How to complete this task.
Pictures do not belong in the copy; print every entry exactly as it stands.
★ ★ ★
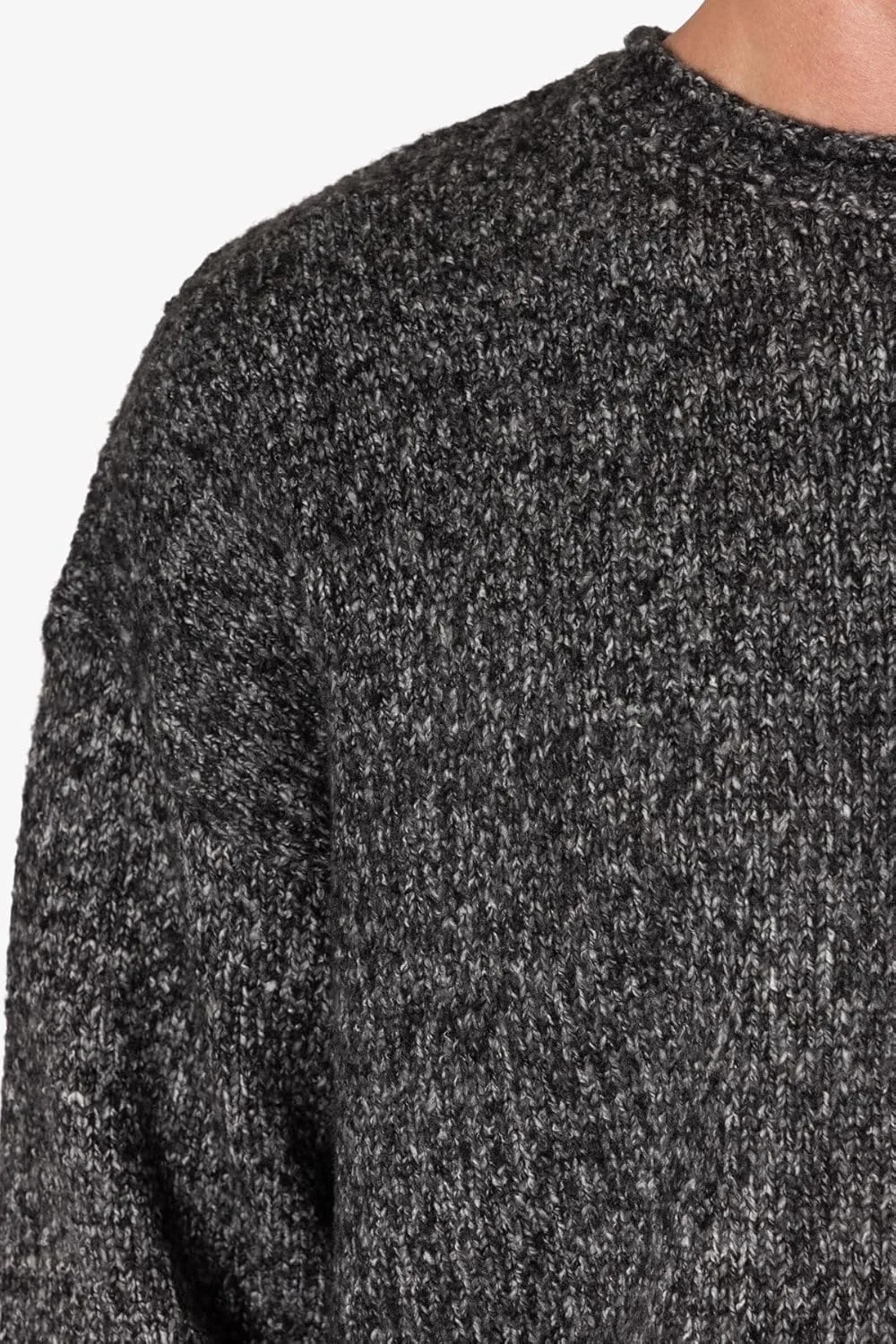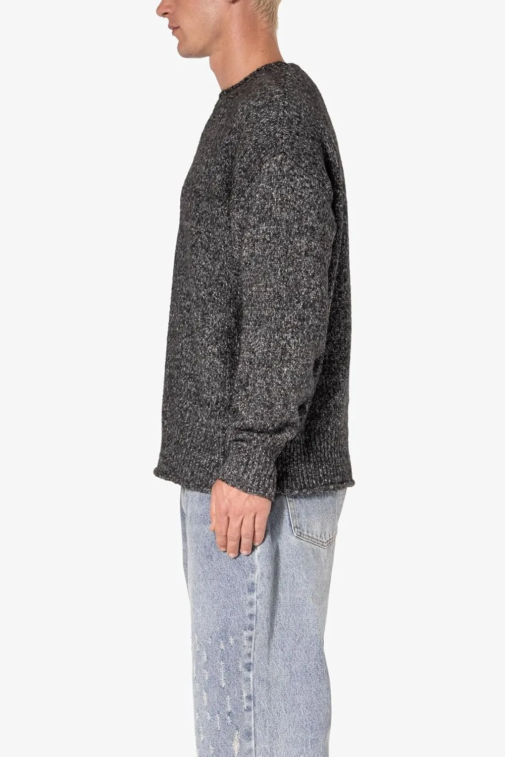 Свитер Grain Sweater — это свитер, связанный на заказ из хлопка, с ребристым воротником, поясом и манжетами, отделанный меланжевой текстурой.
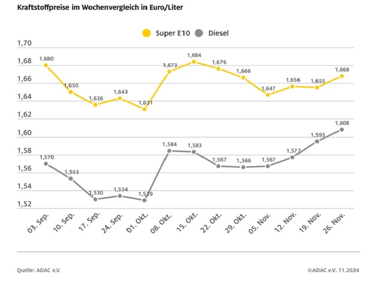 Die Preise für Benzin und Diesel sind im Vergleich zur vergangenen Woche gestiegen. Wie die aktuelle ADAC Auswertung der Kraftstoffpreise in Deutschland zeigt, kostet ein Liter Super E10 im bundesweiten Mittel 1,668 Euro, das sind 1,3 Cent mehr als in der Vorwoche.
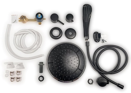 В комплекте: сифон, душевой набор с лейкой на гибком шланге и верхним душем, поддон.
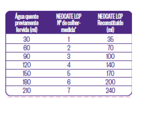 Diluição: Adicionar 1 colher-medida rasa de pó para cada 30ml de água quente previamente fervida.
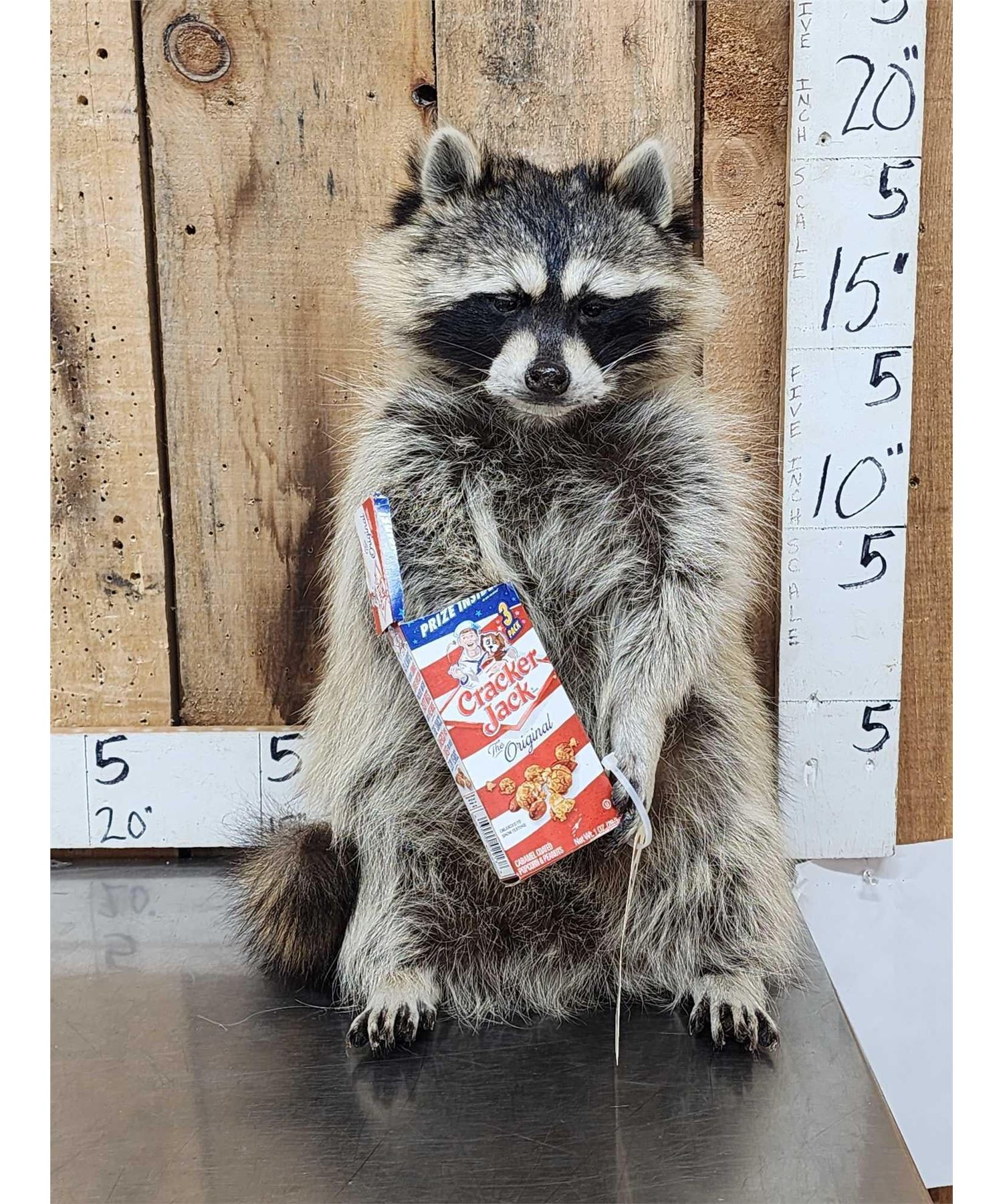 Lot 69D Raccoon Eating Cracker Jacks Taxidermy Mount
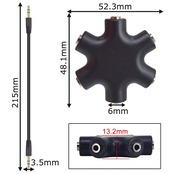 leeyovk マルチイヤホンスプリッター 3.5mmイヤフォンジャック分配器 イヤホン分配/分岐 3.5オーディオ5出力6端子メス接続器 オーディオイヤフォンプラグ 3.5mmステレオ延長線付き (黒)スマートフォン・ゲーム機・音楽機器対応
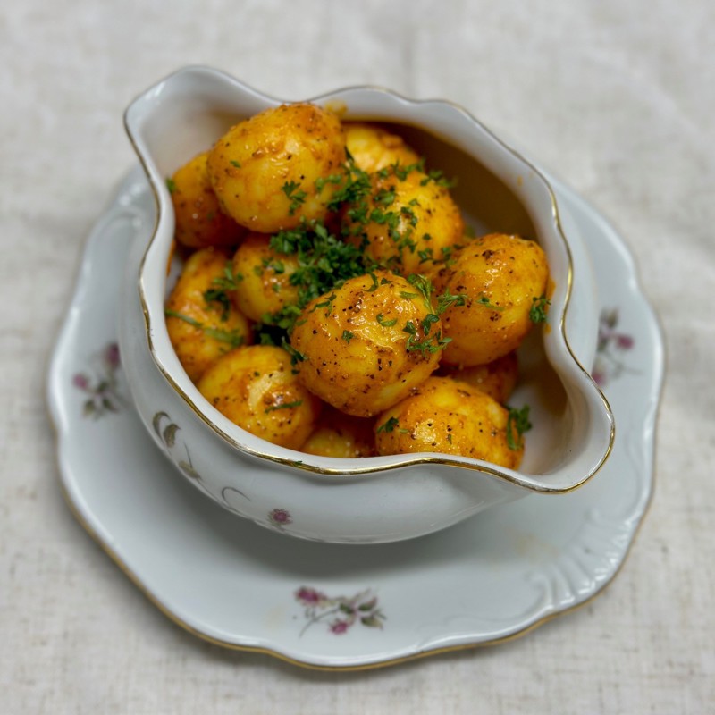 Vis en VegetarischZalm, scampi, aardappel, ...
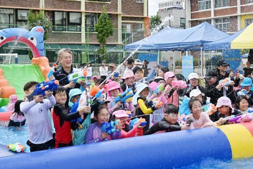 ¼­±¸ È­Á¤1µ¿Àº 26~27ÀÏ ±¤ÁÖ¼­ÃʵîÇб³ ¿îµ¿Àå¿¡¼­ ¡®Á¦2ȸ ¿ì¸®µ¿³× ½æ¸Ó ǮIJ½º¡¯¸¦ °³ÃÖÇÑ´Ù. ¼­±¸´Â Çб³ ¿îµ¿Àå¿¡ ´ëÇü‧ÁßÇü ¿öÅͽ½¶óÀÌµå ¹× ¼ö¿µÀåÀ» ¼³Ä¡ÇÏ°í ¹°ÃÑ´ëÀü, ¸¶¼ú°ø¿¬, ´í½ºÅ¸ÀÓ µî ÁÖ¹ÎÀÌ ÇÔ²² Âü¿©Çϰí Áñ±â´Â ÇÁ·Î±×·¥À» ¿î¿µÇÑ´Ù. È­Á¤1µ¿Àº Áö³­ÇØ ÀÌ Çà»ç¸¦ óÀ½ ±âÈ¹ÇØ ¾ÆÀ̵鿡°Ô ¾ÈÀüÇϰí ÄèÀûÇÑ ³îÀÌȯ°æÀ» Á¦°øÇϰí Çб³ ¿îµ¿Àå °øÀ¯¸¦ ÅëÇØ ¸¶À»°ú Çб³ °£ »ó»ý‧Çù·ÂÀÇ ÀåÀ» ¸¶·ÃÇߴٴ ȣÆòÀ» ¹Þ¾Ò´Ù.
★ ★ ★
Reply to the exercise.
 Свитер Grain Sweater — это свитер, связанный на заказ из хлопка, с ребристым воротником, поясом и манжетами, отделанный меланжевой текстурой.
 Die Preise für Benzin und Diesel sind im Vergleich zur vergangenen Woche gestiegen. Wie die aktuelle ADAC Auswertung der Kraftstoffpreise in Deutschland zeigt, kostet ein Liter Super E10 im bundesweiten Mittel 1,668 Euro, das sind 1,3 Cent mehr als in der Vorwoche.
 В комплекте: сифон, душевой набор с лейкой на гибком шланге и верхним душем, поддон.
 Diluição: Adicionar 1 colher-medida rasa de pó para cada 30ml de água quente previamente fervida.
 Lot 69D Raccoon Eating Cracker Jacks Taxidermy Mount
 leeyovk マルチイヤホンスプリッター 3.5mmイヤフォンジャック分配器 イヤホン分配/分岐 3.5オーディオ5出力6端子メス接続器 オーディオイヤフォンプラグ 3.5mmステレオ延長線付き (黒)スマートフォン・ゲーム機・音楽機器対応
 Vis en VegetarischZalm, scampi, aardappel, ...
 ¼­±¸ È­Á¤1µ¿Àº 26~27ÀÏ ±¤ÁÖ¼­ÃʵîÇб³ ¿îµ¿Àå¿¡¼­ ¡®Á¦2ȸ ¿ì¸®µ¿³× ½æ¸Ó ǮIJ½º¡¯¸¦ °³ÃÖÇÑ´Ù. ¼­±¸´Â Çб³ ¿îµ¿Àå¿¡ ´ëÇü‧ÁßÇü ¿öÅͽ½¶óÀÌµå ¹× ¼ö¿µÀåÀ» ¼³Ä¡ÇÏ°í ¹°ÃÑ´ëÀü, ¸¶¼ú°ø¿¬, ´í½ºÅ¸ÀÓ µî ÁÖ¹ÎÀÌ ÇÔ²² Âü¿©Çϰí Áñ±â´Â ÇÁ·Î±×·¥À» ¿î¿µÇÑ´Ù. È­Á¤1µ¿Àº Áö³­ÇØ ÀÌ Çà»ç¸¦ óÀ½ ±âÈ¹ÇØ ¾ÆÀ̵鿡°Ô ¾ÈÀüÇϰí ÄèÀûÇÑ ³îÀÌȯ°æÀ» Á¦°øÇϰí Çб³ ¿îµ¿Àå °øÀ¯¸¦ ÅëÇØ ¸¶À»°ú Çб³ °£ »ó»ý‧Çù·ÂÀÇ ÀåÀ» ¸¶·ÃÇߴٴ ȣÆòÀ» ¹Þ¾Ò´Ù.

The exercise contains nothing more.